There are a number of avenues available for consuming & using the parser in a project of your own; see examples in several different programming languages [here](test/consumers).

Notable projects currently using or integrating this grammar include:
 * [nvim-treesitter](https://github.com/nvim-treesitter/nvim-treesitter) for TLA⁺ syntax highlighting & code folding in Neovim
 * [tla-web](https://github.com/will62794/tla-web) for a web-based TLA⁺ interpreter and trace explorer
 * GitHub for syntax highlighting of TLA⁺ files and snippets
 * [tlauc](https://github.com/tlaplus-community/tlauc) for translating between ASCII and Unicode TLA⁺ symbols

As applicable, query files for integrations live in the `integrations` directory.

## Build & Test

Be sure to clone the repo with the `--recurse-submodules` parameter, or run `git submodule update --init --recursive` if you already cloned it without that parameter.

If using nix:
1. Run `nix-shell`
1. Run `tree-sitter test`

Otherwise:
1. Install [node.js and npm](https://docs.npmjs.com/downloading-and-installing-node-js-and-npm)
1. Ensure a C compiler is installed and on your path
1. Run `npm install`
1. Run `npm test`

### Corpus Tests

This test ensures the grammar can parse all modules in the [tlaplus/examples](https://github.com/tlaplus/examples) repo, which is included as a git submodule.
To run:
1. If this is the first time running tree-sitter on your machine, run `npx tree-sitter init-config`
1. For Unix-type OSs, run `./test/run-corpus.sh`; for Windows, run `.\test\run-corpus.ps1`
1. The scripts exit with error code 0 if successful

### Build WASM & Start Playground

If using nix:
1. Run `nix-shell`
1. Run `tree-sitter build-wasm`
1. Start the playground with `tree-sitter playground`

Otherwise:
1. Install [node.js and npm](https://docs.npmjs.com/downloading-and-installing-node-js-and-npm)
1. Install [Emscripten 3.x](https://emscripten.org/)
1. Run `npm install`
1. Run `npx tree-sitter build-wasm`
1. Start the playground with `npx tree-sitter playground`

The playground enables you to easily try out the parser in your browser.
You can use the playground [online](https://tlaplus-community.github.io/tree-sitter-tlaplus/) (serving the latest release) or run it locally by following the directions above.

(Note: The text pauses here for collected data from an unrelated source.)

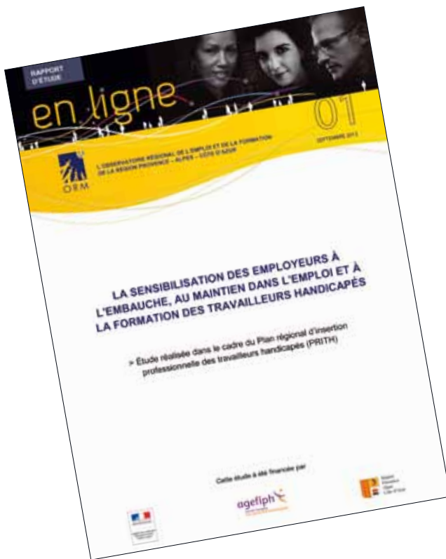
La sensibilisation des employeurs à l'embauche, au maintien dans l'emploi et à la formation des travailleurs handicapés Septembre 2012
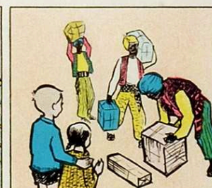
Els qui als pares no fan enfadar coses tenen per donar.
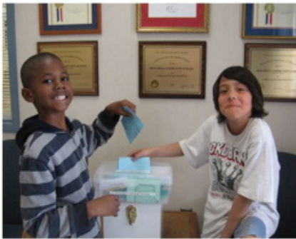
Students that have been "caught being good"!

distrito participen y los ganadores reciben un premio especial y sus pósters son enmarcados y colocados en la Oficina de Transportación. Algo nuevo este año fue que el Departamento de Transportación reconocieron a los padres que no oficialmente estuvieron supervisando la parada de autobús cada mañana. Estos padres recibieron un certificado especial de apreciación durante la asamblea de reconocimiento en una de las escuelas.

The playground consists of a pane containing an editable TLA⁺ spec, and another pane containing the parse tree for that spec.
The parse tree is updated in real time as you edit the TLA⁺ spec.
You can click parse tree nodes to highlight the corresponding snippet of TLA⁺, and move the cursor around the spec to show the corresponding parse tree node.
You can click the "log" checkbox and open your browser's development console to see the parser's debug output as it attempts to parse the TLA⁺ spec.
You can also click the "query" checkbox to open a third pane for testing [tree queries](https://tree-sitter.github.io/tree-sitter/using-parsers#pattern-matching-with-queries); for example, enter the following to match all operator names in a capture named `@operator` (indicated by the names becoming highlighted):
```
(operator_definition name: (identifier) @operator)
```

## Fuzzing

You can fuzz the grammar if you're running Linux with a recent version of Clang installed.
Do so as follows:
1. Clone the repo with the `--recurse-submodules` parameter
2. From repo root, run the bash script `test/fuzzing/build-for-fuzzing.sh`
3. From repo root, run `test/fuzzing/out/tree_sitter_tlaplus_fuzzer`

## Contributions

One easy way to contribute is to add your TLA⁺ specifications to the [tlaplus/examples](https://github.com/tlaplus/examples) repo, which this grammar uses as a valuable test corpus!

Pull requests are welcome. If you modify `grammar.js`, make sure you run `npx tree-sitter generate` before committing & pushing.
Generated files are (unfortunately) currently present in the repo but will hopefully be removed in [the future](https://github.com/tree-sitter/tree-sitter/discussions/1243).
Their correspondence is enforced during CI.